听说园子里的山茶花开了,我很想问问你,老屋后面的山头绿了没有。
杂草从山脚一直蔓延到山顶,黄色白色的小花里可以喊出黑黝黝的小虫子,蒿瓜瓜就藏在这些茸茸的草丛里。半山腰上两口青色的土窑一言不发地沉默着。窑口上一棵矮胖的杏树在风里沙沙响着,杏子从花落的青酸到盛夏的橙黄,挑逗着我的味蕾。捡来的格桑花种子发了芽。在杜栗子树的阴影下抽出软嫩的花骨朵儿。干旱的山里的麻雀儿没那么多树枝当它的宅基地,大多把巢筑在松软的山洞里。我爬上窑背的小平台,又跳上哥哥的肩头,手伸进小土洞里的鸟窝,有时掏出两只鸟蛋,有时也掏出一条小蛇。

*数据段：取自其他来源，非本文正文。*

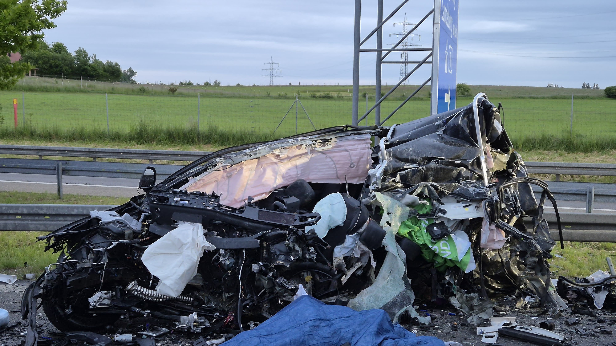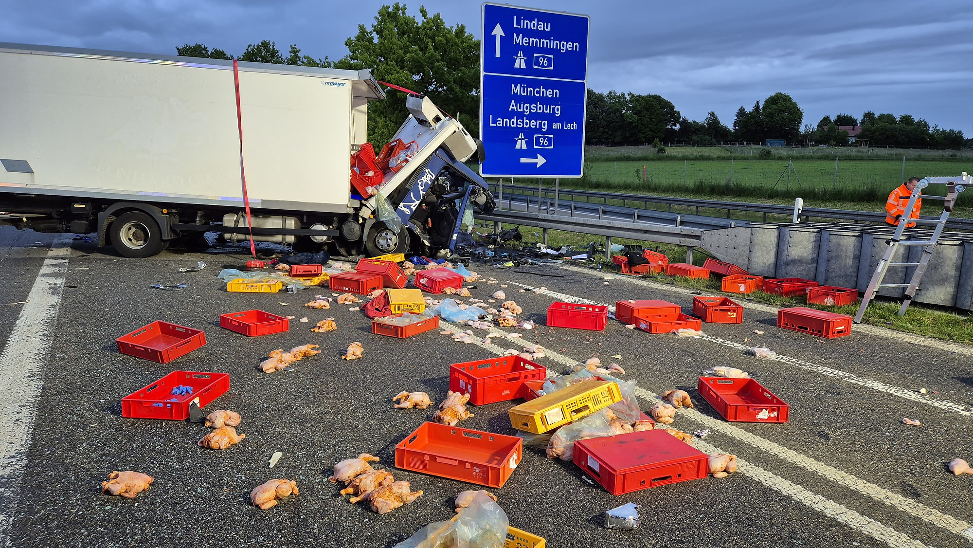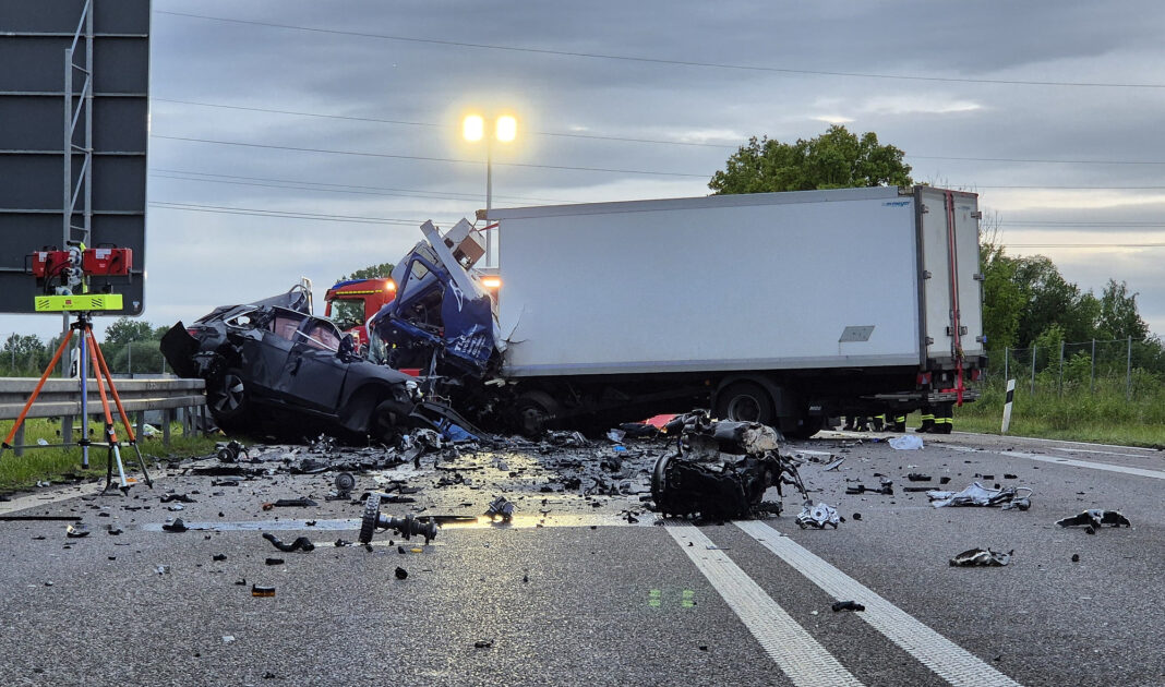 Die Wucht des Aufpralls war enorm: Beide Fahrzeuge wurden vollständig zerstört, der Motorblock des Autos wurde mehrere Meter weit weggeschleudert. Der mit Geflügel beladene Kühltransporter verlor seine Ladung – die Hähnchen verteilten sich über die gesamte Fahrbahn.
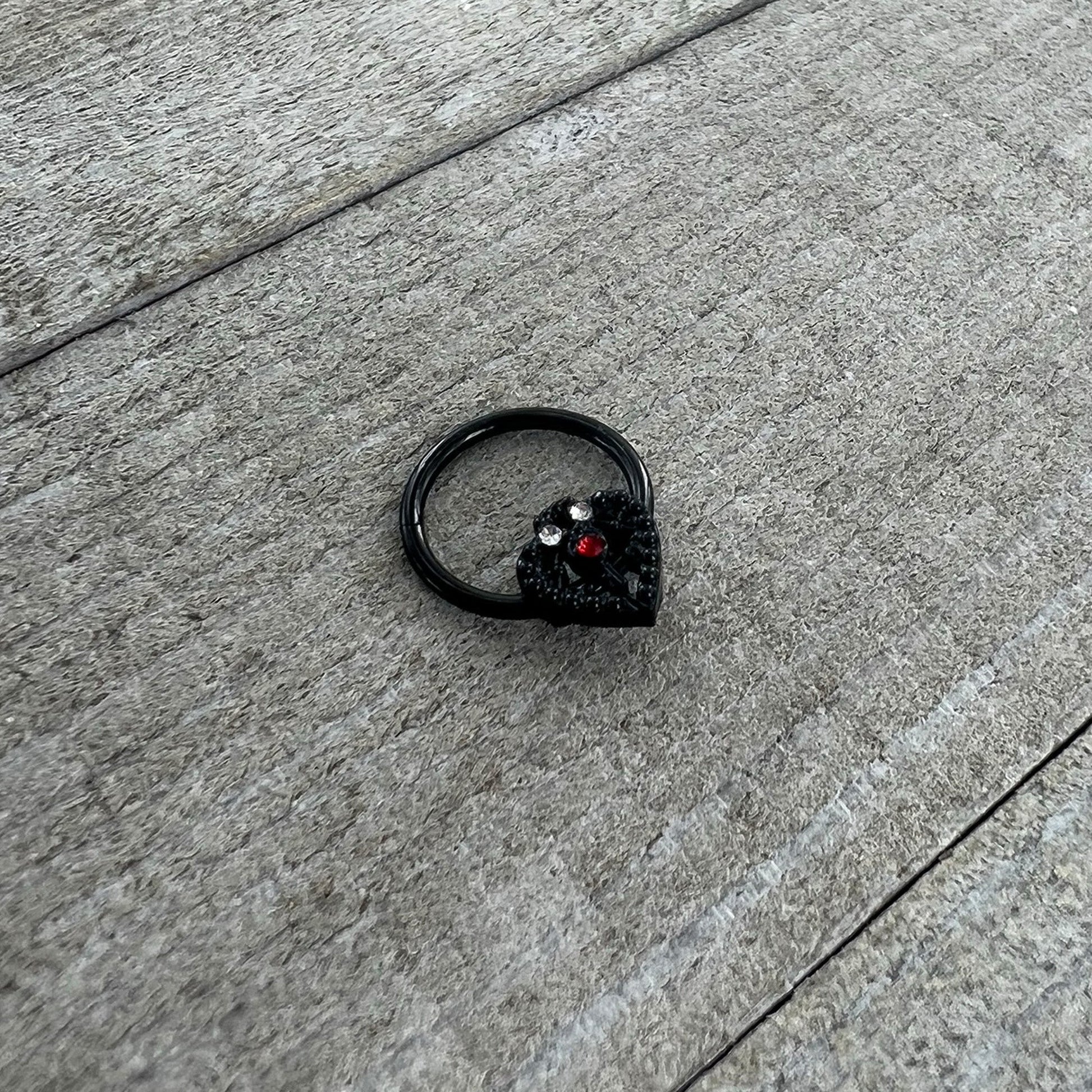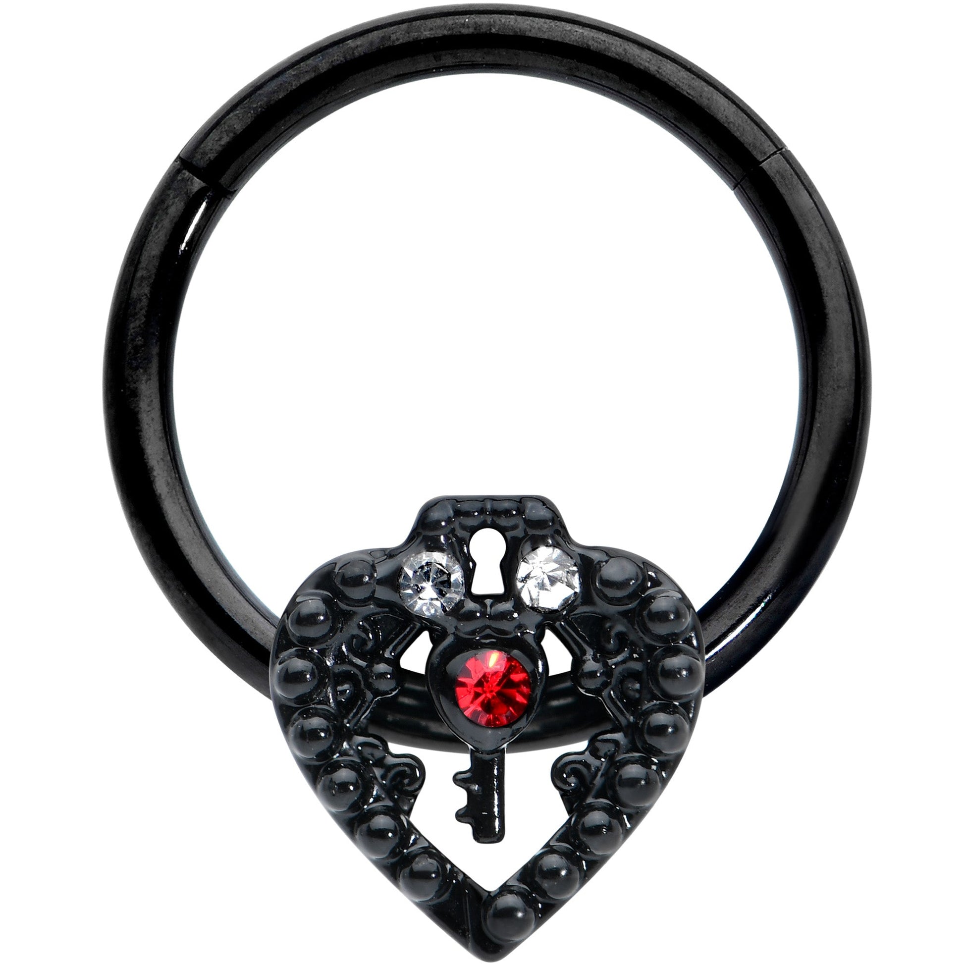 Unlock gothic style with this 16 gauge septum ring! It's made with a 10mm black PVD over 316L surgical grade stainless steel hinged circular ring. It features a heart charm, set along the top curves with clear gems. At the center point of the heart is a key, set at the top with a red gem for a truly striking color contrast. It also features a non-removable, hinged segment that makes insertion and removal a snap and you can even rock this key in multiple piercings including tragus, helix, and some daith piercings. You're going to love this darkly elegant cartilage piercing ring with all your heart!Specifications

中午的太阳暖融融的,架子车靠在院外的打谷场上。被驴子一圈一圈拉着的石碾把荞麦一粒一粒剥下来,剩下压的扁塌塌的枯枝,摞成一个小丘。那是我童年的蹦床。偏远的西北农村没有儿童乐园,没有游乐场也没有幼稚园。小猪仔和小土狗是孩童的玩伴,稻草堆是临时的游乐场。一根小棍儿逗蚂蚁能反复玩儿一个下午。小时候的民谣里唱着高高的谷堆和妈妈记忆里过去的故事,现在全是我回忆里的歌。偶然听人提起,那个和我一起在荞麦堆里欢呼雀跃的女孩儿已经嫁作人妇,心里默默盘算,你婚后的日子该像儿时午后我们一起偷摘的青豌豆嫩汁儿样甘甜才对。
烟囱里钻出白色的烟。袅袅婷婷地和夕阳的余晖缠绕在一起。直直地躺在架子车上,看山头那排杨树笼上一层朦胧的橙色光圈。毛驴驮着河对面山涧里的清泉欢快地归来。有时和妈妈闹了脾气,就躲去邻居家,手里捧着邻居阿姨给的饼,听着妈妈的呼喊嗤嗤地笑。邻里关系好得像一家人。现如今隔壁院里住的人家也识不得,见面连微笑都觉得多余。
窗外青草和泥土的香味儿伴着割草机发出的刺耳声响飘进来,像极了老屋后山青草抽出新芽儿时候的芬芳。